Why is it not more common to implement anti-cheat on the server instead of the client? Is that not more secure? Couldn’t the server just check what vision a player should have and not provide any other information to prevent wallhacks or maphacks? Or check how fast it is possible to move to prevent speedhacks? Aimbot is a bit harder to detect I guess but what about the other ones?
It’s an interesting problem. If you render everything server side and just deliver a video stream to the client, like a GeForce now only tournament. That eliminates a lot of cheating vectors.
The issue then becomes ensuring you have equal latency to all the players. So no one person has an advantage. But you could add artificial latency in that circumstance.

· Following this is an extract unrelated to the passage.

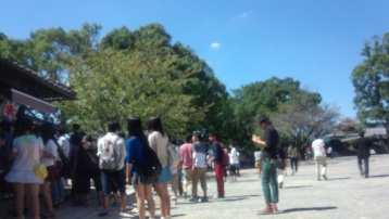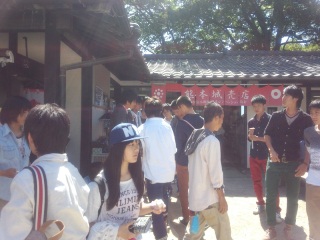 城内の散策を終え、土産物屋さんに生徒が集まってきました。
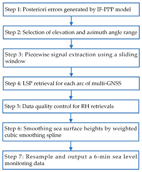 Flow chart of a high-temporal GNSS-IR sea-level retrieval method.

There’s no getting away from the fact that in a distributed network, ordering of events and ensuring simultaneousness is difficult. Peakers advantage is a real thing.
Server side rendering and streaming, advantages: people only see what they’re supposed to see, the server has perfect registration of all activity.
Disadvantages: more latency for everyone, AI auto aiming is still an issue. Requires excellent networking for everyone
One other downside. Server rendering is much more expensive.
Not really that expensive. With server rendering the GPUs can be constantly utilized for different clients or different activities. You only pay per minute of usage. GeForce now is I think $5 a month, which it’s not much. If you pay AWS for their ephemeral tear, 5 to 10 cents per hour depending on the GPU you want.
When they’re not being used for gaming, those GPUs could be used for AI training, model generation, a whole host of things. A GPU in your house probably isn’t used 24/7, so that hardware is not being efficiently a moretized over a large scale of activity
Adding at least $5 a month to a game subscription is expensive considering a lot of them are 10-15$/mo. Note that this isn’t just GPU expensive. You also need to calculate game logic on the server too which can also drive up CPU and ram expenses. This is not to mention that a lot of popular online games are freemium and will stand to lose a lot of players if they start charging a subscription.
Another way to word it is that the freemium model is incompatible with server side rendering.